Zero Security Incidents
100% audit compliance with all queries logged, PII filtered, and secrets redacted before reaching external LLMs. Zero data leakage incidents since production deployment.
Key Takeaways
RAG Transforms Generic LLMs Into Domain Experts
Without RAG, even GPT-4 hallucinated answers to company-specific questions 70% of the time. Vector search retrieval of relevant documentation before inference made responses accurate and actionable, turning the LLM into an instant expert on internal systems.
Multi-Cloud Prevents Vendor Lock-In
Supporting multiple LLM backends (GCP, Azure, AWS) provided flexibility to route based on cost, availability, and model capabilities. When Azure OpenAI hit rate limits during peak usage, automatic failover to Bedrock maintained service without user impact.
OpenAI API Compatibility Drives Adoption
Implementing OpenAI-compatible endpoints meant existing tools (Cursor, Continue, ChatGPT desktop app) worked immediately with simple base URL change. Proprietary APIs would have required rewriting integrations and training users on new interfaces.
Vector Database Quality > Quantity
Indexing everything creates noise.
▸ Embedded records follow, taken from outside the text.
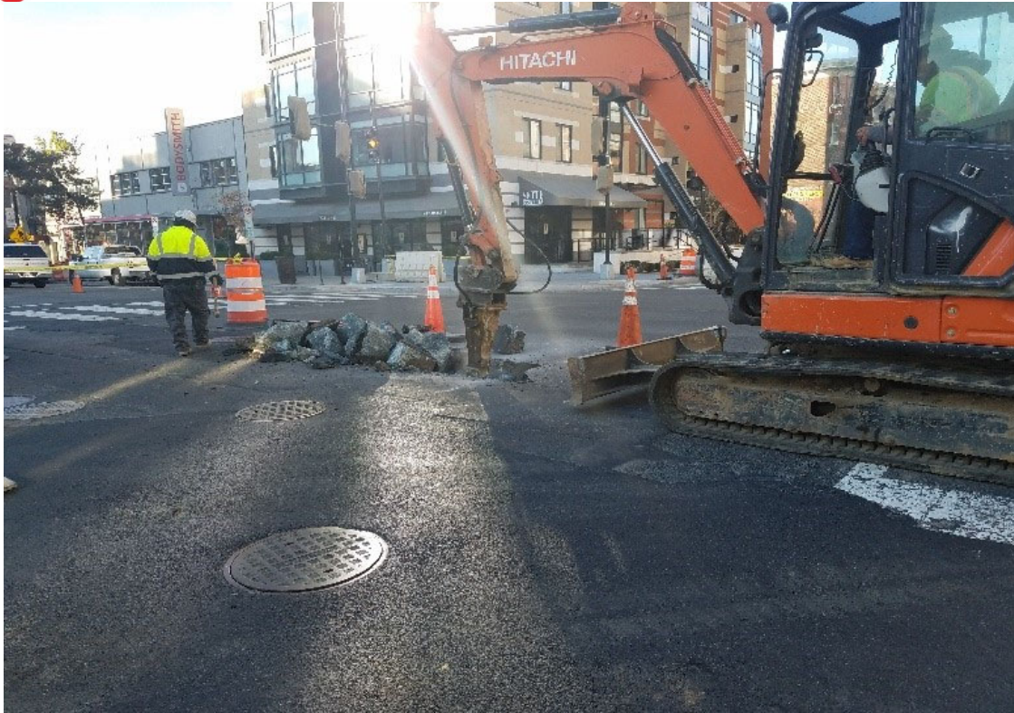
Excavation of electrical conduit trench by Omni from M49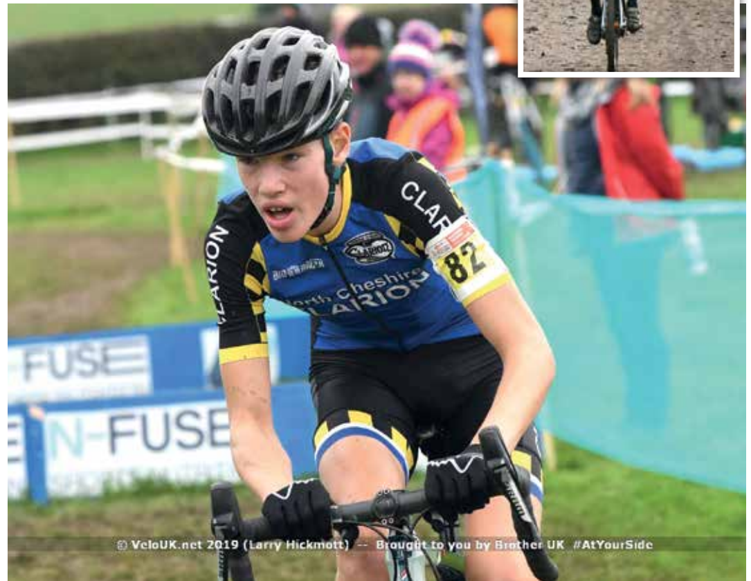
Brought to you by Brother UK #AtYourSide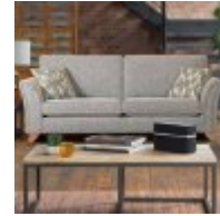
Grand Sofa (Standard Back)

Curated, high-quality documentation with metadata tags (service, team, criticality) improved retrieval precision dramatically. Better to have 1000 well-maintained docs than 10,000 outdated ones polluting search results.
Security Tooling Integration Unlocks New Use Cases
Integrating LLMs with security scanners (Tenable, Wiz, etc.) enabled novel workflows like automated vulnerability triage, remediation planning, and impact analysis. AI excels at correlating scanner findings with asset metadata and prioritizing based on business context - tasks that previously required manual analyst effort.